Há uma frase muito famosa entre as artes de autoajuda do Pinterest: “A recuperação não é linear.” A melhora nunca parece constante e a falha é uma consistência na vida dos que se cobram demais. Para esses, uma das primeiras coisas que uma terapeuta repara são as incessantes reclamações de estarmos errados. Acho inclusive que é a primeira coisa que aprendemos sobre nossos incorretos comportamentos, que gostamos um pouco demais de categorizar tudo do que fazemos e somos em certo e errado. No caso, o que é nosso é errado, e o oposto é certo. A frase então faz sentido.

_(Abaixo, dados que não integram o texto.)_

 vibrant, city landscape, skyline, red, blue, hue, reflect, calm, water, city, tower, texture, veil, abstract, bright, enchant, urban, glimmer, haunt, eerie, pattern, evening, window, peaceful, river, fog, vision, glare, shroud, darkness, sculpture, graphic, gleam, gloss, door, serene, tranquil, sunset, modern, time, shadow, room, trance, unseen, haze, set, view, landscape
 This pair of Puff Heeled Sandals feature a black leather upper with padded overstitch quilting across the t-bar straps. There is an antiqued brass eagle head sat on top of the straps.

Além da frase “o progresso não é linear”, há outra famosa, retirada de um livro de Clarice, que fala: “perder-se também é caminho.” Mais bonita que a frase é a epifania usada para chegar nela. A personagem está olhando para o chão e vê formigas caminhando em fileira, todas juntas indo para um mesmo lugar. Até que repara que havia uma formiga perdida, traçando um caminho diferente das outras. Não recordo o que aconteceu para a formiga estar assim, talvez seja justamente a parte menos importante. Essa formiga errante figura a epifania, perder-se também é caminho.

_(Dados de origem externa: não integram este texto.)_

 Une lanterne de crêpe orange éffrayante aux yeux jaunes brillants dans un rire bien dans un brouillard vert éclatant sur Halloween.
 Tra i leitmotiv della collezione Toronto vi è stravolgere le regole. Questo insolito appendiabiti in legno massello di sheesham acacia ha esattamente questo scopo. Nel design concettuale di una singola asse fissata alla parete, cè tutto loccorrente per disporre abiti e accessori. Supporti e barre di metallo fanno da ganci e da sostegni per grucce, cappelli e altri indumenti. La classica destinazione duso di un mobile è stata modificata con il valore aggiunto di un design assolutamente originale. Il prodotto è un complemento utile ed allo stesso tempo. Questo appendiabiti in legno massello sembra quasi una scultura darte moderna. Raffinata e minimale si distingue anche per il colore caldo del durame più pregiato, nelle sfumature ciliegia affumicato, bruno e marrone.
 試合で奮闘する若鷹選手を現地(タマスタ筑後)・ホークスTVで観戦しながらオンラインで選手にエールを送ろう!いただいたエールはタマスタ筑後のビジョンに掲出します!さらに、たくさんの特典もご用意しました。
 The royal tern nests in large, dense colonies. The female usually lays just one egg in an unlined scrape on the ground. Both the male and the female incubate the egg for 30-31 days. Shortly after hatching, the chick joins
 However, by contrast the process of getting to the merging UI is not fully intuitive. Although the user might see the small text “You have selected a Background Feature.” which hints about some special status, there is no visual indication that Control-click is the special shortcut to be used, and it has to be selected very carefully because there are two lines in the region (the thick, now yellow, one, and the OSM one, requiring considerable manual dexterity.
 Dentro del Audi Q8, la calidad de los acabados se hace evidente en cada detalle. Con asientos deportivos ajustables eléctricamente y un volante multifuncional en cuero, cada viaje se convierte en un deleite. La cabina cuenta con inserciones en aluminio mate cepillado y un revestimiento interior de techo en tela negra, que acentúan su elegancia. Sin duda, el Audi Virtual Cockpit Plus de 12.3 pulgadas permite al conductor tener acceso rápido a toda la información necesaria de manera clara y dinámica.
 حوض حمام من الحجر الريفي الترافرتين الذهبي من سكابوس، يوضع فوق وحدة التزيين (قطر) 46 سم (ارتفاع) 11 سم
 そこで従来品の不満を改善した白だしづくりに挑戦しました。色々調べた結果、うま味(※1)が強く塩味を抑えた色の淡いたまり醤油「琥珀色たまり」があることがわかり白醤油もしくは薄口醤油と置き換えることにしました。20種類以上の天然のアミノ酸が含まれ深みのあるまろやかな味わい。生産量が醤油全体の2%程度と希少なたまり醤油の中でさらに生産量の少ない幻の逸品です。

Passando mais tempo em busca de símbolos de ajuda e caminhos, encontra-se o Ouroboros. Uma cobra que se engole, a vida que sempre se repete, o eterno retorno, a impossibilidade de saída, a completude em si só. O progresso, que não é linear, pode ser uma curva que sobe e desce, mas muitas vezes a sentimos como um círculo. Estou bem e estou mal e estou mal e estou bem e não há outra possibilidade e nunca há estabilidade. É sempre bem e mal e certo e errado e indo e vindo. É o oposto de estar perdido, não há para onde ir.

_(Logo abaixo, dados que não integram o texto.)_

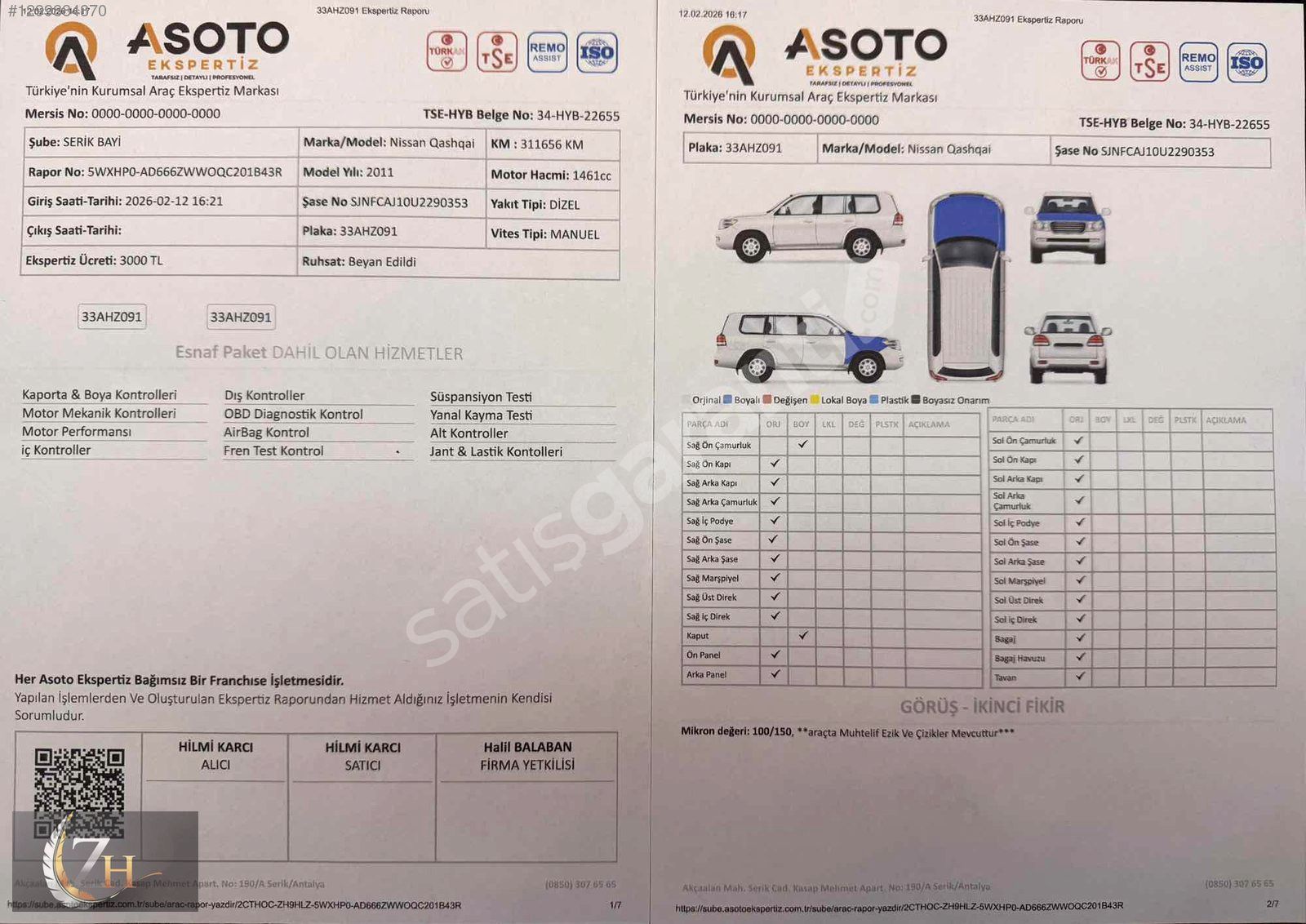 EXPERTİZ BİLGİLERİ = ARACIMIZDA DEĞİŞEN OLMAYIP

Existe uma figura presente em um livro de Galeano que ilustra um trenzinho e um barquinho em um mesmo trilho circular. Nesse trilho não há para onde se perder, é um ciclo que eternamente se repete, mas há algo brilhantemente desconfortável no barco, que pertence ao mar e aos horizontes infindáveis, estar em um trilho. Talvez não exista como sair do trilho, mas talvez não precisemos ser todos trens no trilho. Definitivamente me sinto mais barco do que trem. Me sinto mais formiga do que barco. Me sinto mais cobra do que trem. Por aí vou indo.